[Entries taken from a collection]
● ● ● ● ● ● ●
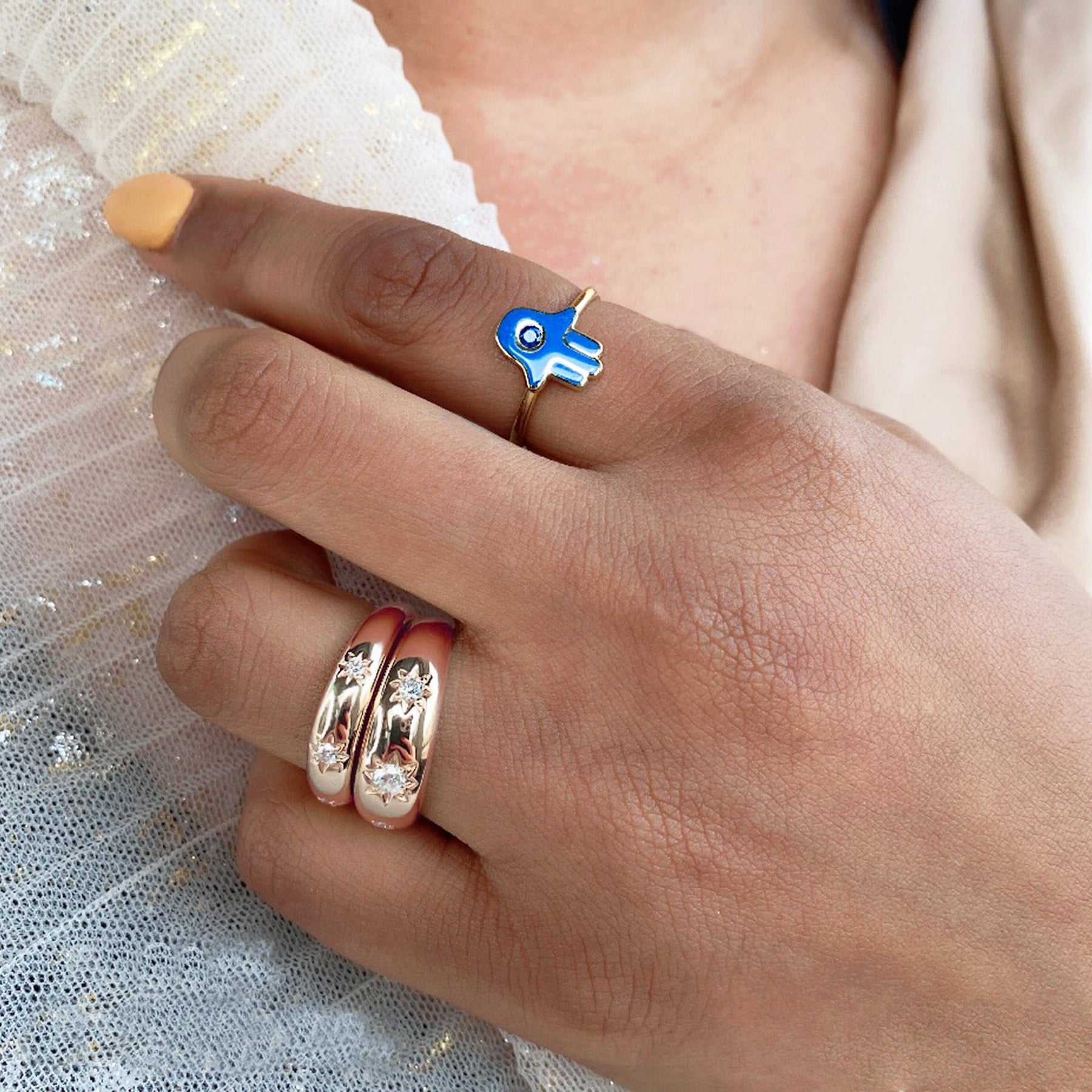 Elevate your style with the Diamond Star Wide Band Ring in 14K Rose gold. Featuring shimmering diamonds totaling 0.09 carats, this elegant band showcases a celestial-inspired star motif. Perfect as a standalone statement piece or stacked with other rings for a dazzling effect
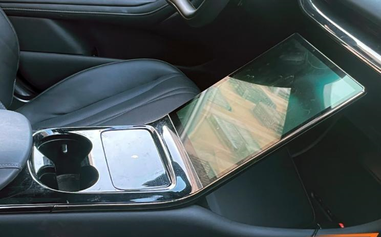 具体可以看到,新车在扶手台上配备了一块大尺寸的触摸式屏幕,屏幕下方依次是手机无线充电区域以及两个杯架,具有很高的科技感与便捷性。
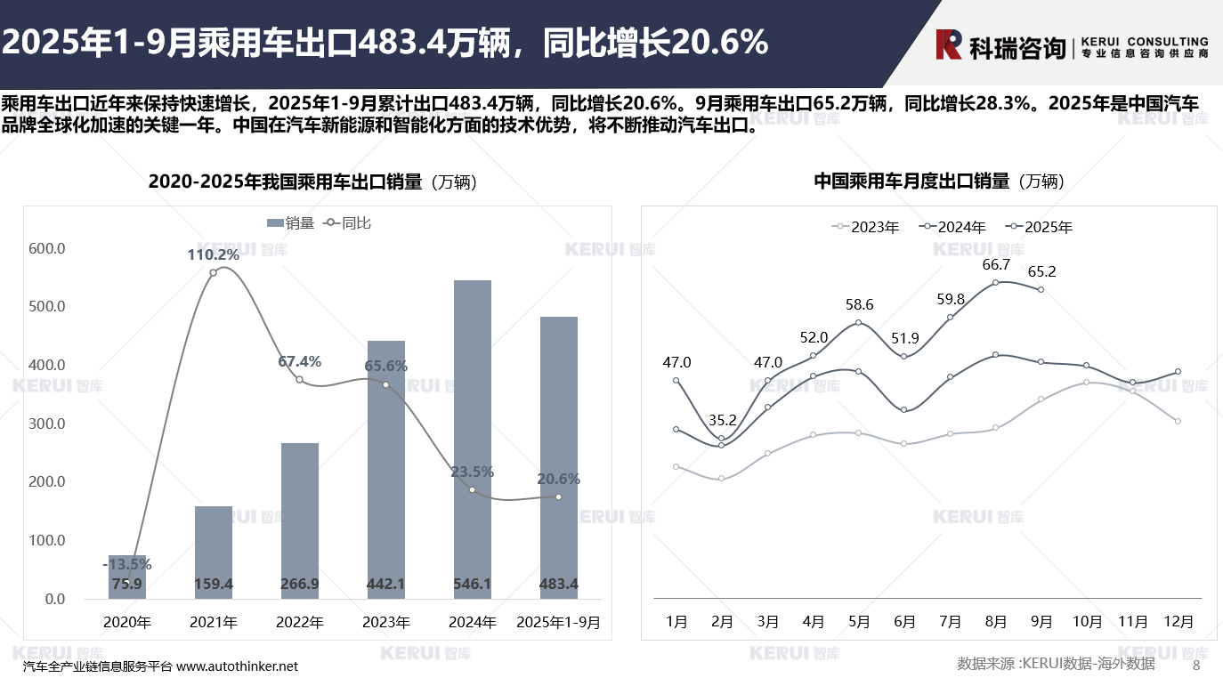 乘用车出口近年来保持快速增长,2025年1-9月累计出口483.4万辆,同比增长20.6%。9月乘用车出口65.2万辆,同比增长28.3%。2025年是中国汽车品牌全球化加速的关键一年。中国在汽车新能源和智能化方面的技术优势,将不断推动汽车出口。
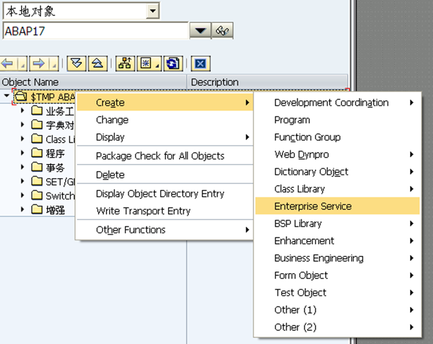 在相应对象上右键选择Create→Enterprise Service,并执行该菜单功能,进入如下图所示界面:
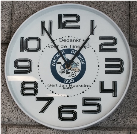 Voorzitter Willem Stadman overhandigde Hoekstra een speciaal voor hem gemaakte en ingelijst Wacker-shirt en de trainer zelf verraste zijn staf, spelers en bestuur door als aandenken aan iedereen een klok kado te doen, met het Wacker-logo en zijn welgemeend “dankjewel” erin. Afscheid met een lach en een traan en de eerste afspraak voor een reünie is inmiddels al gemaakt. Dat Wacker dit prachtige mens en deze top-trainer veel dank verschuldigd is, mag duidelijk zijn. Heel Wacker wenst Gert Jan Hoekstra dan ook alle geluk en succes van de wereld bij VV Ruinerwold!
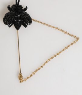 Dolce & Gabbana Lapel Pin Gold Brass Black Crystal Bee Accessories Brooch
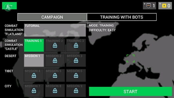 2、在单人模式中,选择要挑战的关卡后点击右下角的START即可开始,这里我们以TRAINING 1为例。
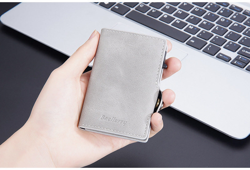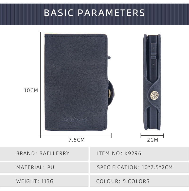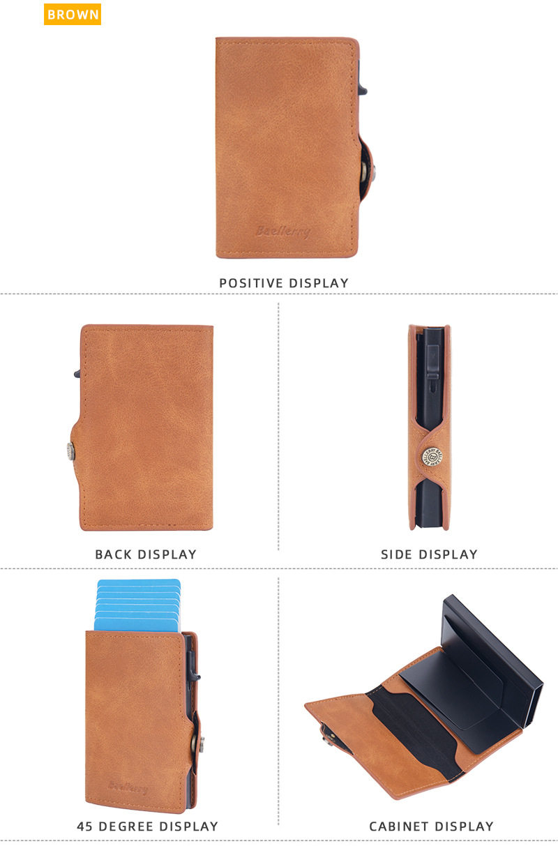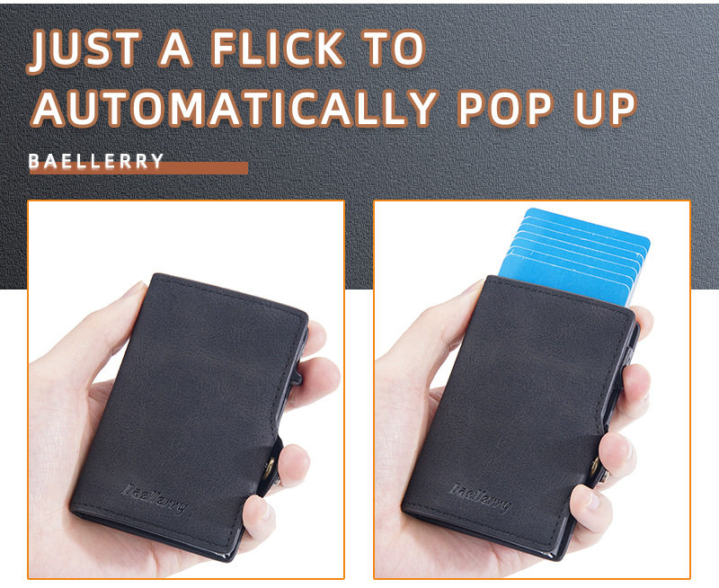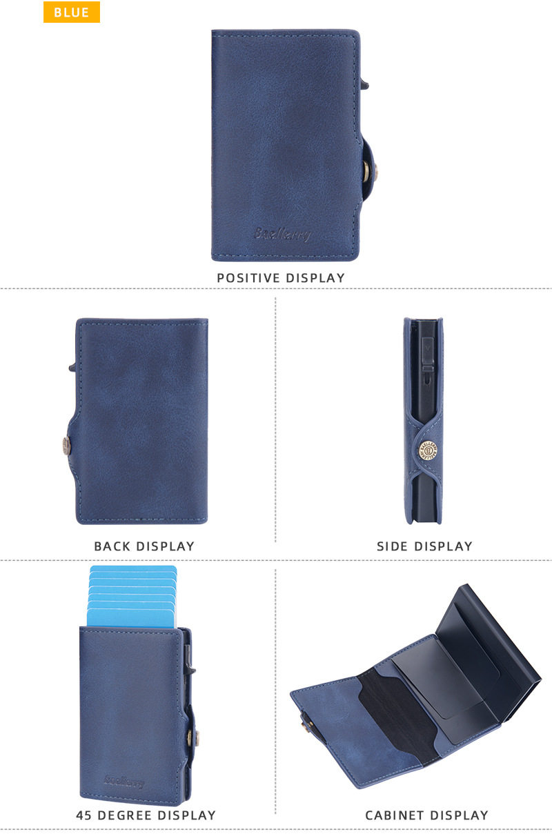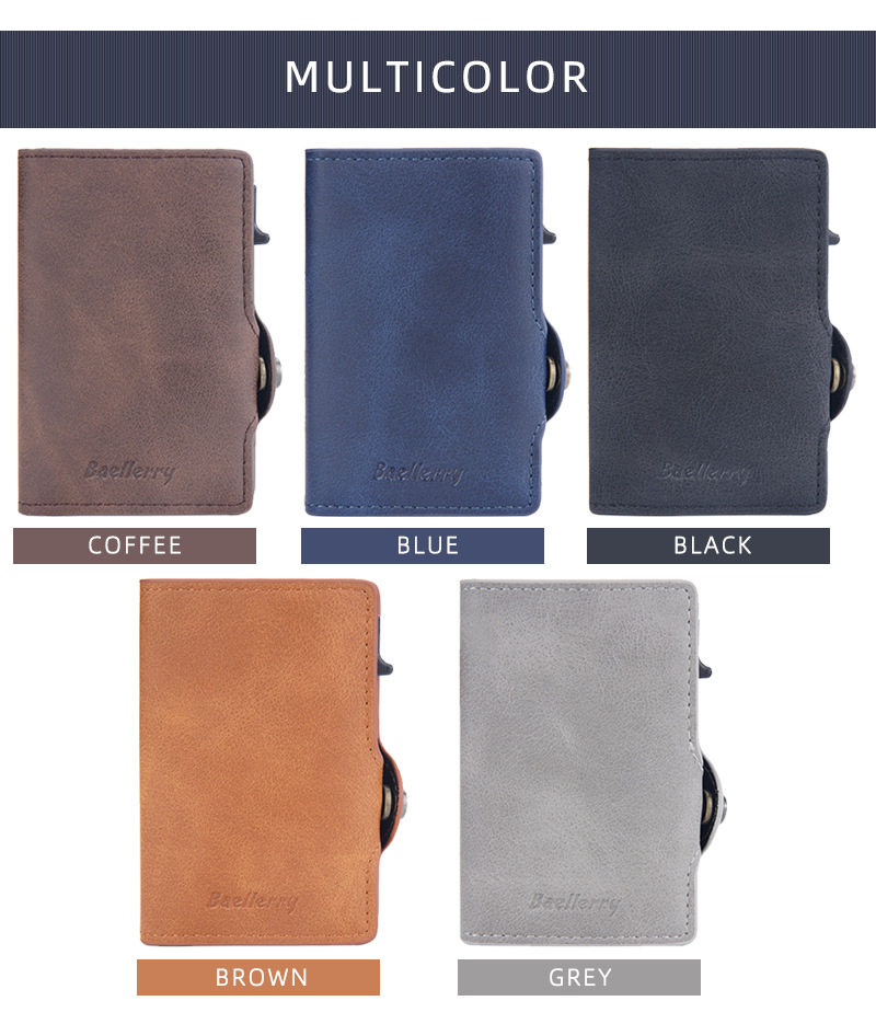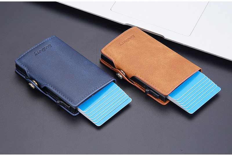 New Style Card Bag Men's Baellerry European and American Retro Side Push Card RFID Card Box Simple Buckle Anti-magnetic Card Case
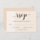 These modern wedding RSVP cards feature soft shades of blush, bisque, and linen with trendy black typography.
● ● ● ● ● ● ●
▶ WHAT IS BEING ASKED: The reply should hold the lines from the top of the records through the line containing "在相应对象上右键选择Crea", reproduced exactly, and no pictures.

▶ EXERCISE SOLUTION:
 Elevate your style with the Diamond Star Wide Band Ring in 14K Rose gold. Featuring shimmering diamonds totaling 0.09 carats, this elegant band showcases a celestial-inspired star motif. Perfect as a standalone statement piece or stacked with other rings for a dazzling effect
 具体可以看到,新车在扶手台上配备了一块大尺寸的触摸式屏幕,屏幕下方依次是手机无线充电区域以及两个杯架,具有很高的科技感与便捷性。
 乘用车出口近年来保持快速增长,2025年1-9月累计出口483.4万辆,同比增长20.6%。9月乘用车出口65.2万辆,同比增长28.3%。2025年是中国汽车品牌全球化加速的关键一年。中国在汽车新能源和智能化方面的技术优势,将不断推动汽车出口。
 在相应对象上右键选择Create→Enterprise Service,并执行该菜单功能,进入如下图所示界面:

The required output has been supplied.